Time is a recurring theme in Bartlett’s life. One analogy he uses is to think of his day as 24 roulette chips. Eight are devoted to sleep and the remaining 16 chips are the hours available to be placed on the ‘roulette table of life’.
The feeling of time is reinforced by the sight of a sand timer in the DOAC studio.
Bartlett explained: “I like to think in terms of first principles, which has served me well. What is the fundamental game here? It’s like sleep. The first thing to control if you want to have a good day is your sleep.
“At the most fundamental level it’s the allocation of my time that is going to determine if I have a good relationship, if I’m healthy, if I’m happy etc.
“It’s not about necessarily being extremely time efficient. That’s not how I think about it. The way I think about it is being extremely intentional.”
I was allocated 30 minutes for the interview but I was actually with Bartlett for 90 minutes.
Last year he told The Guardian newspaper he’d been diagnosed with overfocused ADHD, which means he can focus on things he enjoys, but struggles with things that don’t interest him.
Perfect Ted
A good example is his relationship with Perfect Ted, which is the UK’s leading matcha brand.
He initially invested £50k in the startup when they appeared on Dragons’ Den in 2023 and quickly invested another £1m.
Today Perfect Ted occupies a floor of Bartlett’s London offices and he speaks to the founders – Marisa Poster, husband Levi Levenfiche and his brother Teddie Levenfiche – at least once a day.
“When I first invested in Perfect Ted I sat down with them and said the reason I was investing in them was not because I’m excited about getting a big return – but I do think you’ll be very successful – it’s because I’m really going to enjoy the next couple of years getting to work with you every day,” he explained.
“Even last night they came down at about 12.30am, and I was at my desk, and we talked and joked about life for 30 minutes.
“We talked about business and some personal issues. I speak to them every single day.

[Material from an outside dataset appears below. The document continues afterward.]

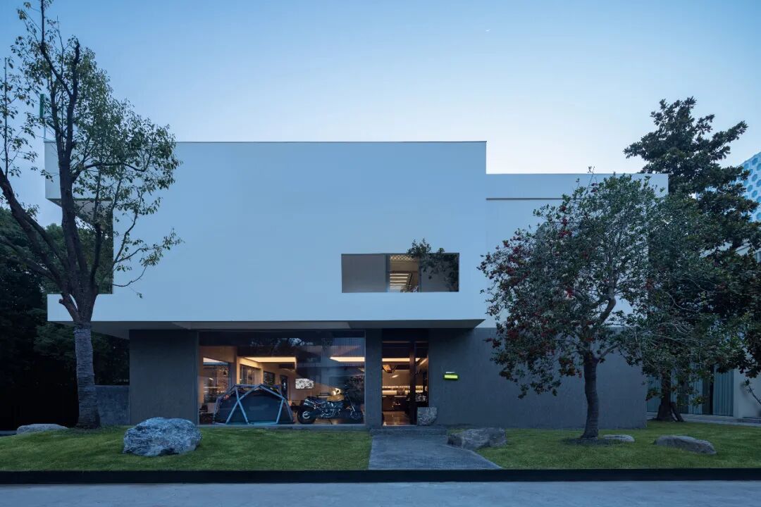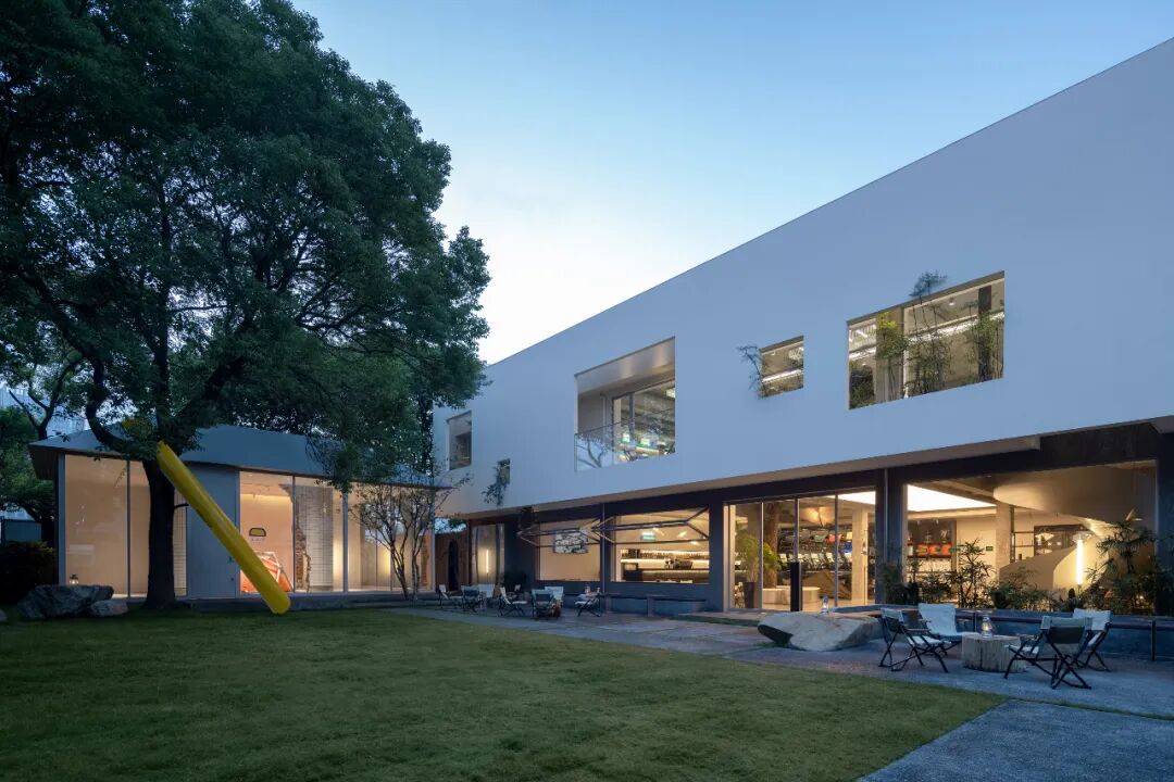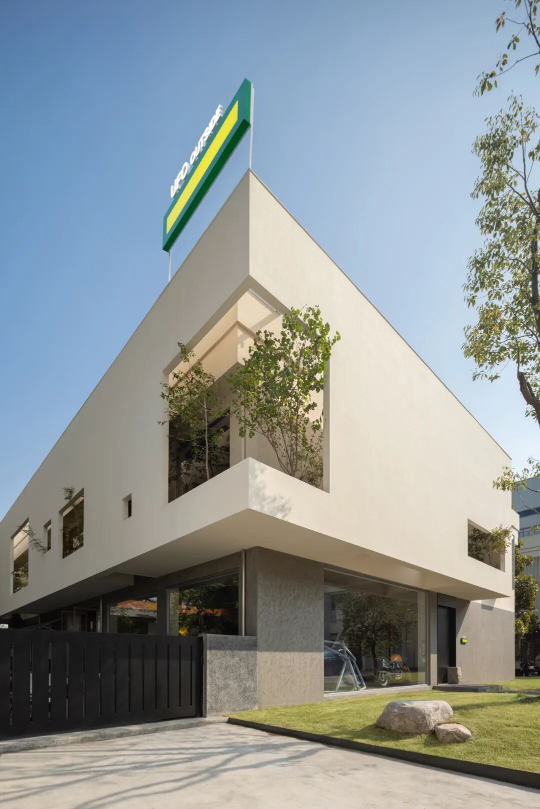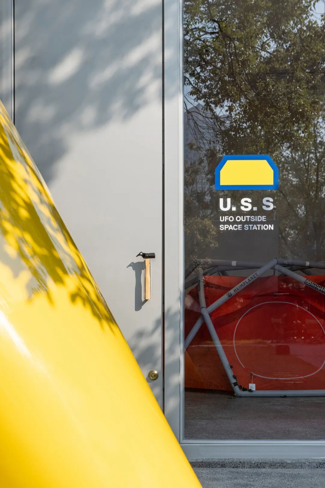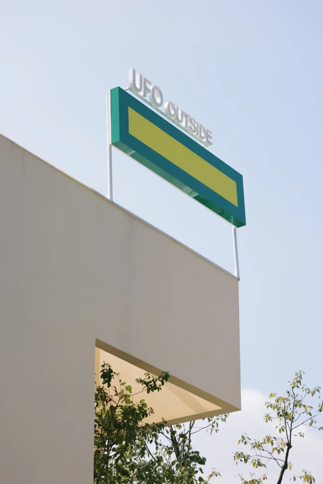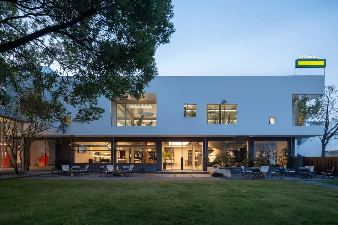 UFO由一栋两层建筑和一幢独立玻璃房组成,外加750平米的大草坪。原建筑平淡无奇,设计中围绕案名“UFO(不明飞行物)”展开,衍生出“等待起飞的UFO”概念,对建筑进行了包裹改造。

“Is that the best use of my time? Not necessarily – but my framework for how to allocate that time isn’t just about return on investment. It’s return on life enjoyment and I really enjoy my life with them.”
Meteoric rise
By any metric, Bartlett’s rise has been meteoric, going from starting Social Chain to joining Dragons’ Den in just seven years.
Despite the new-found fame, Bartlett insisted his life couldn’t be simpler.

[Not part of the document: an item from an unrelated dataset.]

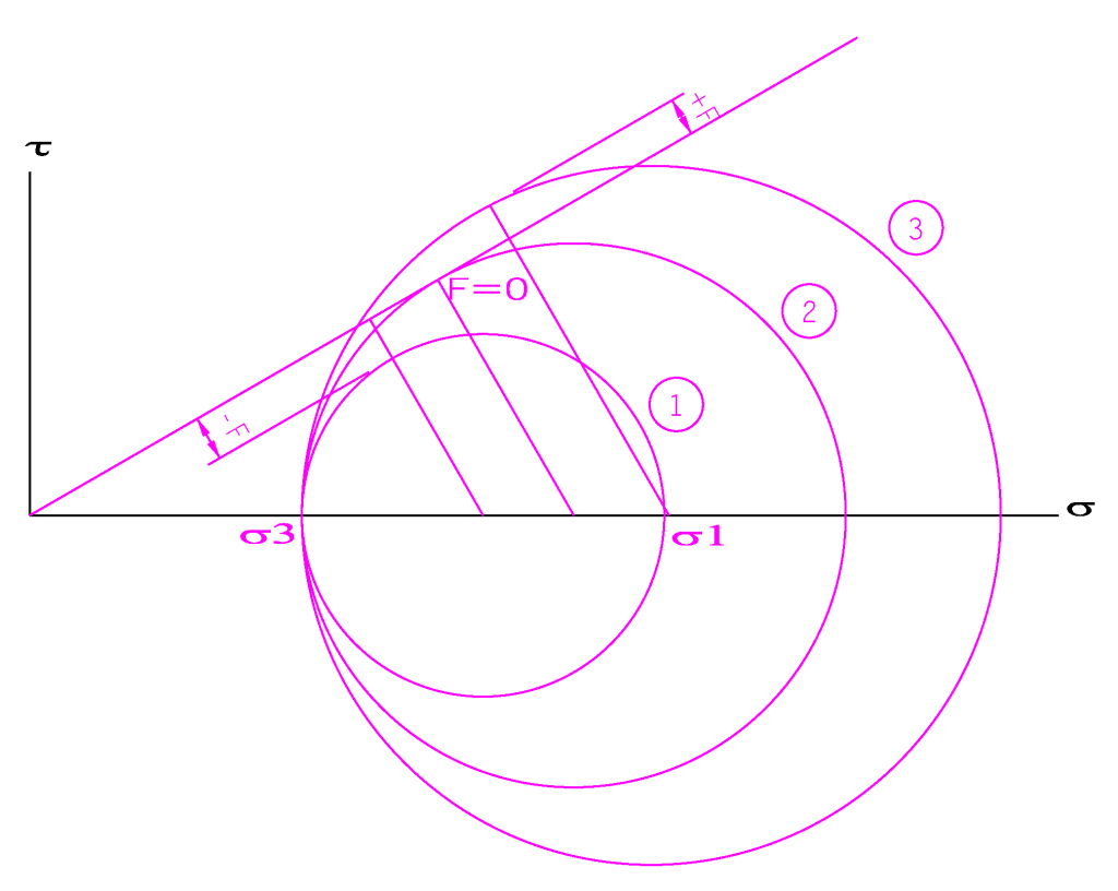 Failure takes place when Mohr’s Circle for the stress state either intersects or goes above the failure line. The state of intersection, in terms of the principal stresses, is expressed by Verruijt as

“I get up in the morning, I put my black outfit on and I come here,” he said. “I’ll try and go to the gym downstairs, I see my girlfriend, I see my dog and I go to sleep. My life is pretty much like that seven days a week.
“There’s things that pop in. At one time of the year I’m going to film Dragons’ Den but even then, when I’m at Dragons’ Den, my life follows the same pattern.
“I think I live a pretty insulated and simple life in the grand scheme of public attention.
Girlfriend’s opinion
“My circle of feedback is extremely private. If my girlfriend tells me she’s unhappy with me, it ruins my day. She knows me. When she’s unhappy, she’s right.
“Sometimes I don’t like to admit that she’s right. I’ve fallen into my own little world too much in terms of my work and I’ve forgotten that I have a relationship that needs the best of me too.

Steven Bartlett spends much of his time in the US
“The way I think about it is I’ve done something with my life that I really love.
“I love doing the podcasts, I love building businesses. There are things that come with that and you have to accept that. I don’t have any other answer.
“You accept the good, you accept the difficult. The most important thing for me, going back to first principles. Am I doing something I absolutely love every day?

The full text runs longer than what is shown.